7. **Comets**: Occasionally, a bright comet will grace the night sky, offering a stunning and rare sight. Comets like Hale-Bopp and NEOWISE have been memorable in recent years.

Each of these celestial objects offers a unique and captivating view of the universe, making stargazing a truly rewarding experience.

### Putting the Chain in LangChain

In essense, a chain is exactly as it sounds - it helps us chain actions together.

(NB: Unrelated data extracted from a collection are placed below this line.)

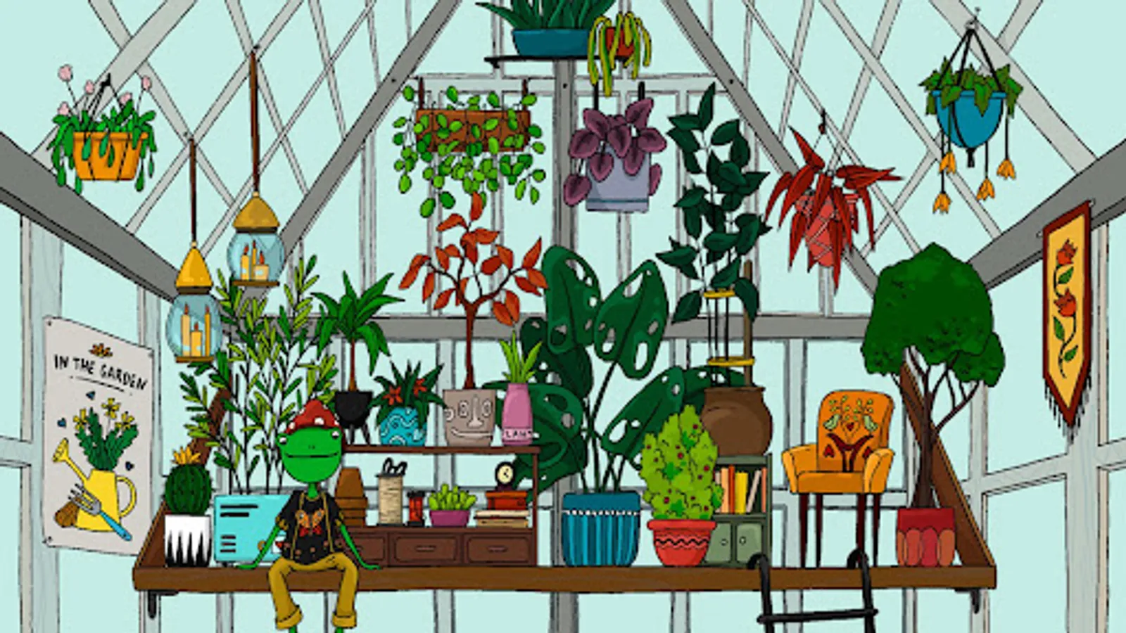 In the greenhouse you can grow a lot of rare plants🍃 The more flowers in your greenhouse, the bigger your herbarium book becomes, where you can learn tips on caring for plants 🌾 Each flower gives 15 coins every 12 hours. You can discover more than 100 unique plants in the game. Frog Bart likes to relax in the greenhouse🐸
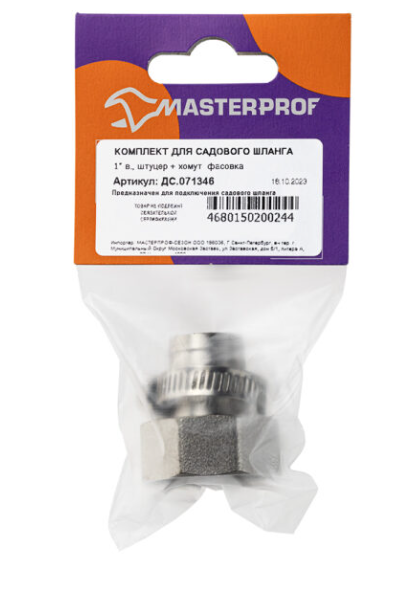 —Комплект для подключения садового шланга 3/4" с внутр. рез. 1" (штуцер + хомут), MP
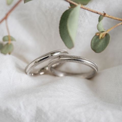 婚約指輪との重ね付けでも邪魔をせずに、職場でも付けることができるシンプルなデザインにしました。装飾を最小限に抑えつつも、表面の仕上げと縁取りの組み合わせによって、シンプルなのに印象深いデザインに仕上がっており、飽きが来にくく、長く愛用できると思います。

Let's take a look at an example.

In [18]:
from langchain.chains import LLMChain

chain = LLMChain(llm=chat_model, prompt=chat_prompt)

disp_markdown(chain.run(SUBJECT="galaxies", MOOD="in awe", CONTENT="Is the Andromeda Galaxy on a collision course with the Milky Way?"))


Yes, the Andromeda Galaxy (M31) and the Milky Way are indeed on a collision course. Current scientific understanding suggests that the two galaxies are approaching each other at a speed of about 110 kilometers per second and are expected to collide in about 4.5 billion years. This collision will result in the formation of a new galaxy, often referred to as Milkomeda or Milkdromeda. The collision will be a spectacular event in cosmic terms and will likely reshape both galaxies as they merge and interact gravitationally. It's a truly awe-inspiring and humbling aspect of the vastness and dynamics of the universe.

### Index Local Files

Now that we've got our first chain running, let's talk about indexing and what we can do with it!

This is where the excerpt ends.